WORK REQUIRED: The answer must reproduce all of the data below exactly and contain no images.

RECORDS FOR THIS EXERCISE:
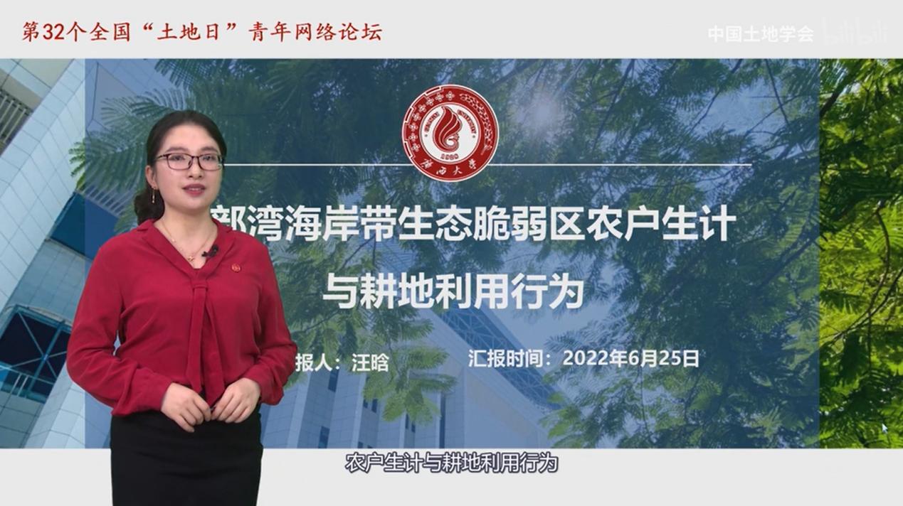 本次论坛邀请了15位土地科学青年科技工作者,他们当中既有来自研究机构、大专院校的学术新星,也有奋战在实践一线单位的技术骨干,通过视频录制、PPT讲解等多种形式,发表学术观点和政策建议,探讨节约集约用地与耕地保护议题。约啪社区 汪晗副教授在专栏二——粮食安全与耕地资源保护中,做了题为“北部湾海岸带生态脆弱区农户生计与耕地利用行为”的主题报告,为全力构建耕地保护和节约集约用地新格局建言献策。
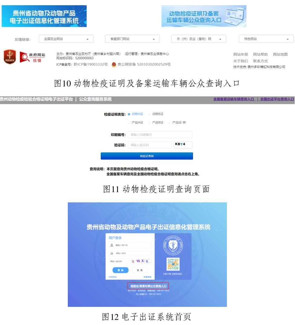 方式二:点击下方左侧“贵州省动物及动物产品电子出证信息化管理系统”图标(图10),弹出提示框后,点击“确定”跳转至电子出证系统首页,点“检疫证/车辆备案公众查询入口”(图12)进入查询页面,选择检疫证类型,输入动物检疫证明编号即可查询。
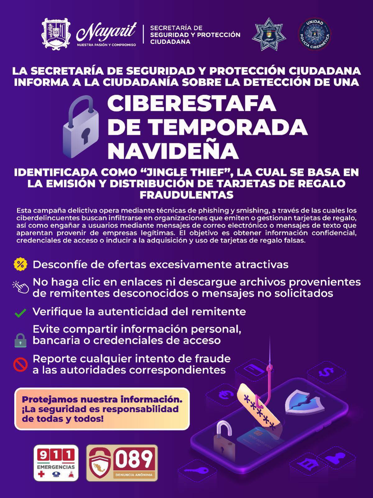 La dependencia subrayó la importancia de mantenerse alerta durante las festividades y reportar cualquier intento de fraude a las autoridades competentes. De igual manera, recordó que la seguridad en línea es responsabilidad de todos y que cada usuario debe ser cuidadoso al interactuar en el ciberespacio, especialmente en esta temporada.
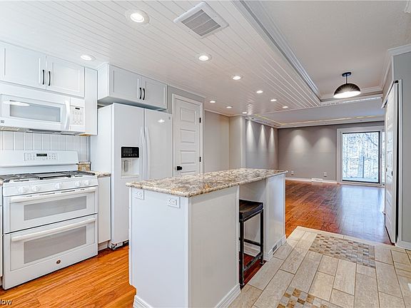 Great opportunity to live in the heart of Chagrin Falls! Close to shopping, restaurants and everything this beautiful town offers! This 3 bedroom, 2/5 bathroom, maintenance free condominium has a wooded backyard to experience the seasons from your deck or walkout patio. Many recent updates here include new cherry oak wood flooring throughout the first floor. Open, renovated kitchen with granite counter top, very attractive backsplash, white shaker cabinets & all new fixtures! The ample sized dining room is open to the huge living area that leads to the oversized deck for your enjoyment! Also here is renovated half bathroom & nice sized foyer. The first floor has the open feel everyone wants! The second floor features 3 sizable bedrooms and 2 full renovated bathrooms, including huge master bedroom with two closets. The walk-out lower level has a large living area, new carpeting, sliders to the patio with spectacular view and laundry. Other updates include interior painting, refinished h
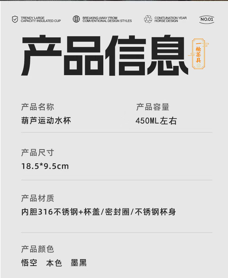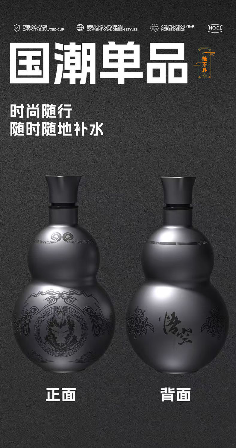 신화 Wukong Gourd Thermos 스테인레스 스틸 어린이 남녀 스포츠 주전자 네트, 골동품 국가 조수 모양 워터 컵 기념스토어 가기
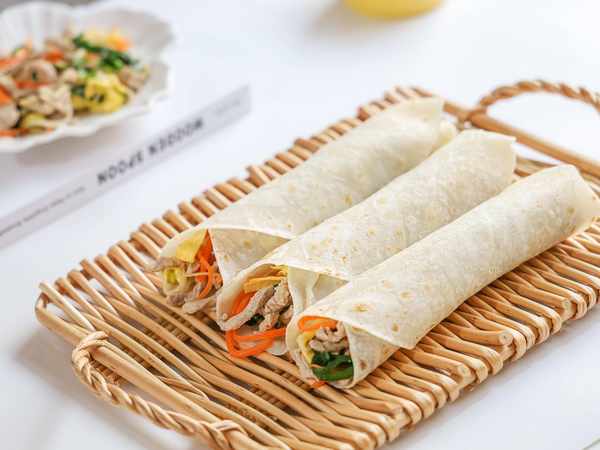 1.面粉200克加入剛剛燒開的開水120克,一邊倒一邊攪拌成絮狀。 用開水燙面是為瞭破壞面粉的筋,這樣做出來的卷餅會更煊軟
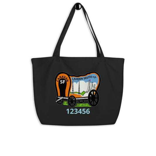 Eko saunakassi luomupuuvillaa SFC Kaarinan logolla ja omalla Caravan numerolla
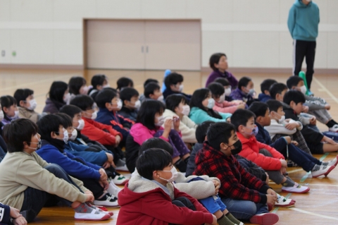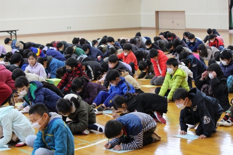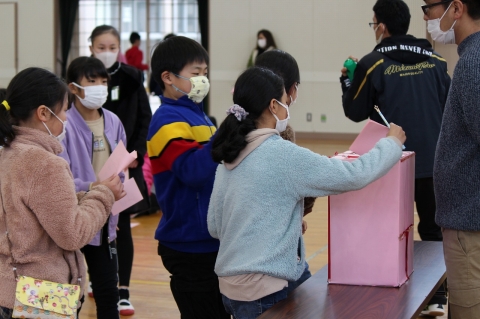 立会演説会が終わると、体育館のフロアで投票用紙に記入し、投票しました。来年度の新4年生となる3年生も今回初めて児童会役員選挙に参加しましたが、よい態度で臨み、自分で決めた候補者の名前を書き、しっかり投票していました。
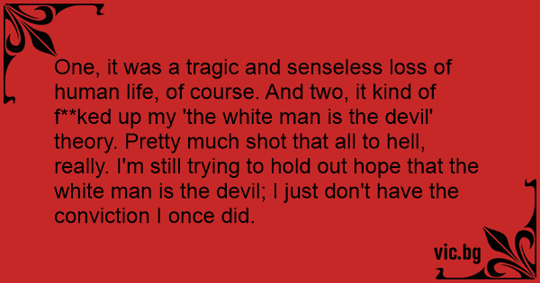 One, it was a tragic and senseless loss of human life, of course. And two, it kind of f**ked up my 'the white man is the devil' theory. Pretty much shot that all to hеll, really. I'm still trying to hold out hope that the white man is the devil; I just don't have the conviction I once did.
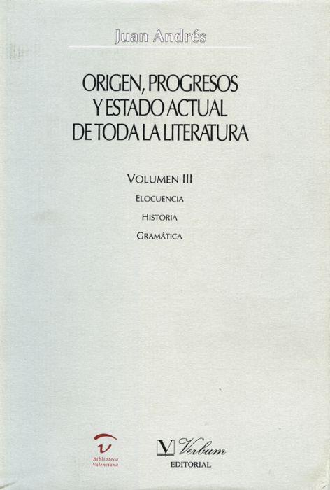 Han debido transcurrir doscientos años para que vuelva a ver la luz uno de los monumentos mayores de la moderna historiografía de Occidente. La obra del abate Juan Andrés (Planes, Alicante, 1740-Roma, 1817) es una pieza cumbre de la historiografía literaria y cultural. Única tanto por su método comparatista, que pretende reconstruir el contexto causal-histórico de la cultura, como por su objeto, de naturaleza universalizadora. El plan de publicación, bajo el cuidado del profesor Pedro Aullón de Haro, ha dispuesto su organización en seis volúmenes, que recogen la primera edición española (Madrid, 1784-1806), más la última parte de la edición de Parma que la completó.
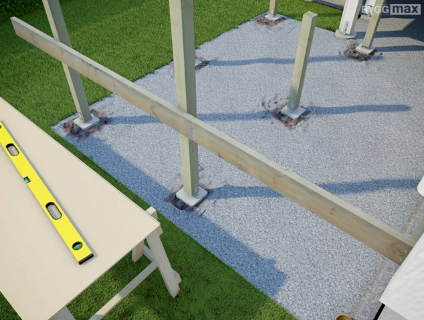 1) montera stolpar i stolpskor/plint och sen montera bärlina på stolpar.

WRITTEN RESPONSE:
 本次论坛邀请了15位土地科学青年科技工作者,他们当中既有来自研究机构、大专院校的学术新星,也有奋战在实践一线单位的技术骨干,通过视频录制、PPT讲解等多种形式,发表学术观点和政策建议,探讨节约集约用地与耕地保护议题。约啪社区 汪晗副教授在专栏二——粮食安全与耕地资源保护中,做了题为“北部湾海岸带生态脆弱区农户生计与耕地利用行为”的主题报告,为全力构建耕地保护和节约集约用地新格局建言献策。
 方式二:点击下方左侧“贵州省动物及动物产品电子出证信息化管理系统”图标(图10),弹出提示框后,点击“确定”跳转至电子出证系统首页,点“检疫证/车辆备案公众查询入口”(图12)进入查询页面,选择检疫证类型,输入动物检疫证明编号即可查询。
 La dependencia subrayó la importancia de mantenerse alerta durante las festividades y reportar cualquier intento de fraude a las autoridades competentes. De igual manera, recordó que la seguridad en línea es responsabilidad de todos y que cada usuario debe ser cuidadoso al interactuar en el ciberespacio, especialmente en esta temporada.
 Great opportunity to live in the heart of Chagrin Falls! Close to shopping, restaurants and everything this beautiful town offers! This 3 bedroom, 2/5 bathroom, maintenance free condominium has a wooded backyard to experience the seasons from your deck or walkout patio. Many recent updates here include new cherry oak wood flooring throughout the first floor. Open, renovated kitchen with granite counter top, very attractive backsplash, white shaker cabinets & all new fixtures! The ample sized dining room is open to the huge living area that leads to the oversized deck for your enjoyment! Also here is renovated half bathroom & nice sized foyer. The first floor has the open feel everyone wants! The second floor features 3 sizable bedrooms and 2 full renovated bathrooms, including huge master bedroom with two closets. The walk-out lower level has a large living area, new carpeting, sliders to the patio with spectacular view and laundry. Other updates include interior painting, refinished h
 신화 Wukong Gourd Thermos 스테인레스 스틸 어린이 남녀 스포츠 주전자 네트, 골동품 국가 조수 모양 워터 컵 기념스토어 가기
 1.面粉200克加入剛剛燒開的開水120克,一邊倒一邊攪拌成絮狀。 用開水燙面是為瞭破壞面粉的筋,這樣做出來的卷餅會更煊軟
 Eko saunakassi luomupuuvillaa SFC Kaarinan logolla ja omalla Caravan numerolla
 立会演説会が終わると、体育館のフロアで投票用紙に記入し、投票しました。来年度の新4年生となる3年生も今回初めて児童会役員選挙に参加しましたが、よい態度で臨み、自分で決めた候補者の名前を書き、しっかり投票していました。
 One, it was a tragic and senseless loss of human life, of course. And two, it kind of f**ked up my 'the white man is the devil' theory. Pretty much shot that all to hеll, really. I'm still trying to hold out hope that the white man is the devil; I just don't have the conviction I once did.
 Han debido transcurrir doscientos años para que vuelva a ver la luz uno de los monumentos mayores de la moderna historiografía de Occidente. La obra del abate Juan Andrés (Planes, Alicante, 1740-Roma, 1817) es una pieza cumbre de la historiografía literaria y cultural. Única tanto por su método comparatista, que pretende reconstruir el contexto causal-histórico de la cultura, como por su objeto, de naturaleza universalizadora. El plan de publicación, bajo el cuidado del profesor Pedro Aullón de Haro, ha dispuesto su organización en seis volúmenes, que recogen la primera edición española (Madrid, 1784-1806), más la última parte de la edición de Parma que la completó.
 1) montera stolpar i stolpskor/plint och sen montera bärlina på stolpar.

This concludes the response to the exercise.